On Sun, Jul 07, 2002 at 11:25:28AM -0700, Tim May wrote:
> http://www.math.uu.se/~palmgren/topos-eng.html
> "Topos Theory, spring term 1999
> "A graduate course (6 course points) in mathematical logic.
> ------------------------------------------------------------------------
> "Topos theory grew out of the observation that the category of sheaves 
> over a fixed topological space forms a universe of "continuously 
> variable sets" which obeys the laws of intuitionistic logic. These sheaf 
> models, or Grothendieck toposes, turn out to be generalisations of 
> Kripke and Beth models (which are fundamental for various non-classical 
> logics) as well as Cohen's forcing models for set theory. The notion of 

I've been reading _Conceptual Mathematics_ but so far have not seen many
connections with topics I'm most interested in learning right now (logic,
recursion theory, decision theory). Perhaps category theory is more
relevant in physics, or I should move on to topos theory.

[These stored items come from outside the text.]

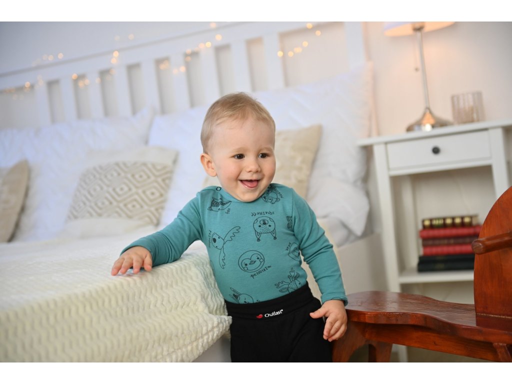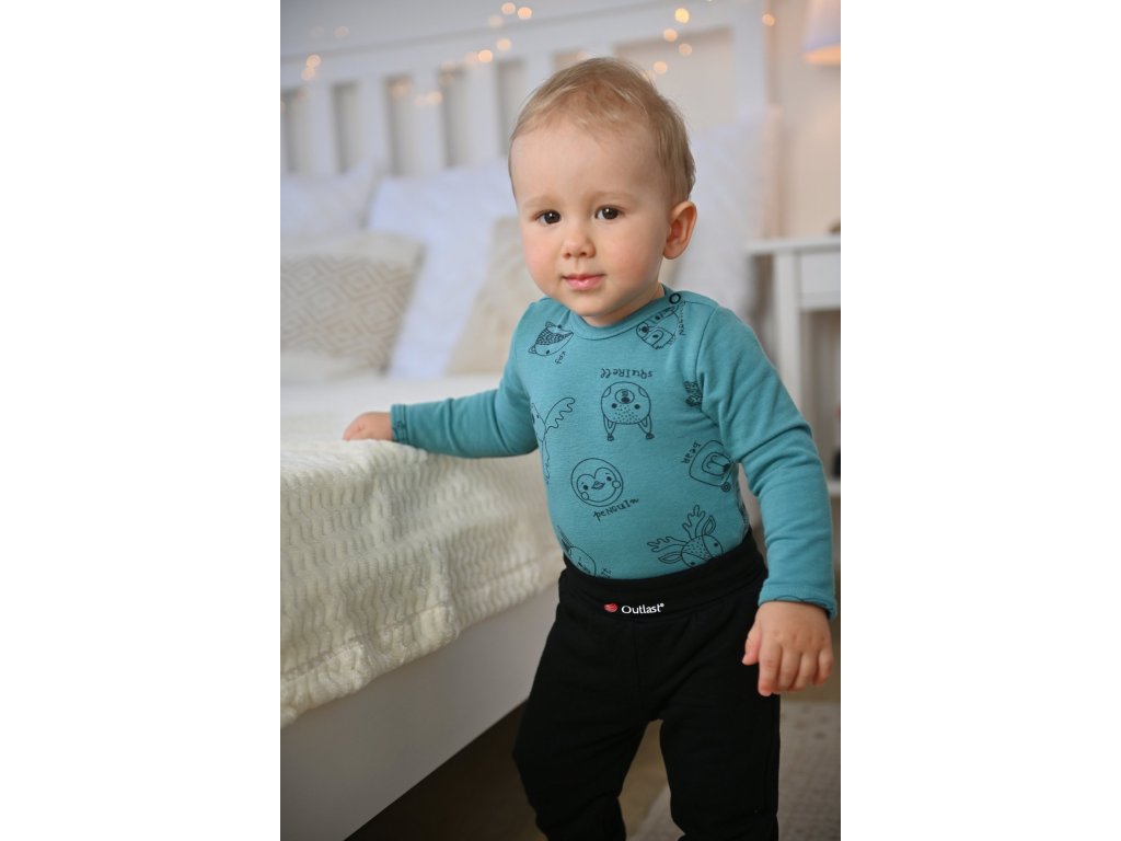 Body ze silného úpletu s dlouhým rukávem skvěle využijete především v chladných měsících. Je vhodné jako spodní vrstva při oblékání na ven, ale v kombinaci s tepláky nebo dupačkami je možné jej nosit i doma. Body je vyrobeno z pružného příjemného materiálu, který se přizpůsobí více velikostem. Maminky jistě ocení zapínání na druky u krku a v rozkroku, díky kterému se body velmi lehce a rychle obléká. Při výrobě tohoto body byl použitý materiál Outlast® ve smykové variantě, která je z líce hladká a z rubu má smyčky. Materiál Outlast® dokáže během nošení regulovat tělesnou teplotu, odvádět přebytečné teplo a zabránit propocení. Ve chvíli, kdy tělesná teplota klesne, materiál Outlast® nahromaděné teplo uvolní a začne tělo zahřívat. Oblečení z materiálu Outlast® je díky svým termoregulačním vlastnostem velmi oblíbené, neboť zajišťuje teplotní komfort po celou dobu nošení. Body s dlouhým rukávem je vhodné na podzimní, zimní a jarní měsíce.
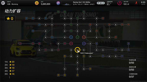 在DLC页面,第一眼映入眼帘的就是一个非常庞大的路线图: 本 DLC 共提供了 50 场历史经典赛事,玩家需要通过不断挑战比赛的方式来推进进度,同时获得不同名次也可以拿到不少奖励,包括六辆独特的限定车辆,高星奖券与现金(货币)奖励。
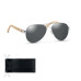 Sunglasses with bamboo arms and coloured mirrored lenses in microfibre pouch. UV400 protection. Bamboo is a natural product, there may be slight variations in colour and size per item, which can affect the final decoration outcome.
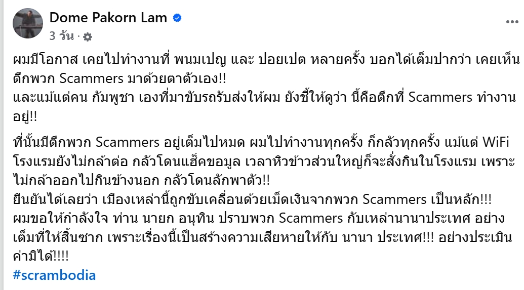 เป็นที่ทราบกันดีว่า โดม ปกรณ์ ลัม นักร้อง-ดาราหนุ่ม ได้โพสต์เล่าเรื่องราวช่วงที่ทำงานในประเทศกัมพูชา ตนรู้สึกกลัวมิจฉาชีพและเห็นตึกของแก๊งสแกมเมอร์อยู่เต็มไปหมด ทำให้ไม่กล้าออกจากโรงแรม แม้แต่การเชื่อมต่อ WiFi ก็ยังไม่กล้าทำ.
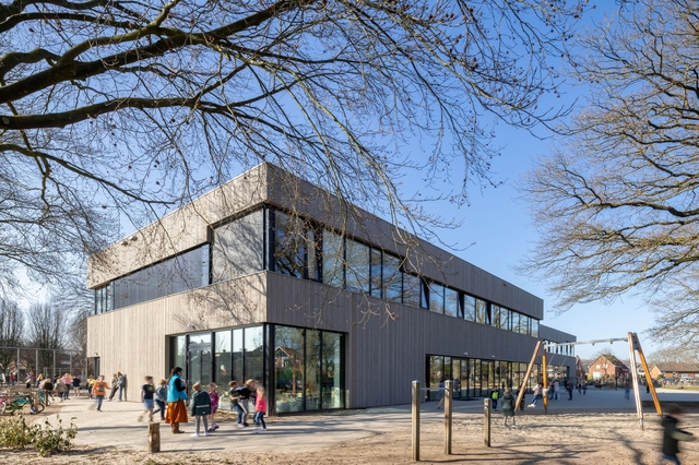 Vanuit het oogpunt van duurzaamheid is gekozen voor een compact twee-laags gebouw. De ruimten op de begane grond en de verdieping worden ruimtelijk en visueel met elkaar verbonden door het centrale hart. Een grote vide zorgt voor licht en lucht in deze ontmoetingsruimte waar zowel ouders en kinderen als leerkrachten gebruik van kunnen maken. Via het centrale hart kan iedereen de school binnenkomen en doorlopen naar de kinderopvang of basisscholen De Zwaluw of De Welp. De lokalen krijgen door de grote raampartijen in de gevels veel daglicht binnen, wat zorgt voor een goede leeromgeving. Op de begane grond loopt binnen en buiten mooi in elkaar over door de kozijnen die doorlopen tot aan het maaiveld.
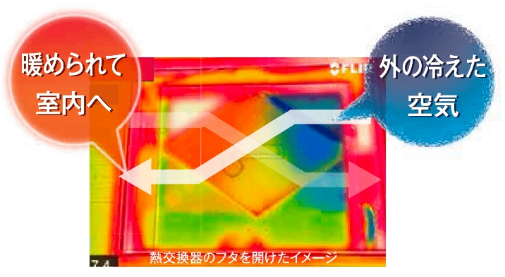 外から入る空気と、室内から出る空気が本体内部で交差し、熱と湿度だけを交換することで、

Topos theory seems to be motivated by intuitionistic logic, which is
considered the logical basis of constructive mathematics (according to
http://plato.stanford.edu/entries/logic-intuitionistic/). Does that mean I
should learn something about intuitionistic logic and constructivism first
before trying to tackle topos theory?

I notice the book "Constructivism in Mathematics" by Troelstra and Dalen. 
Has anyone here read it, or can anyone recommend another book?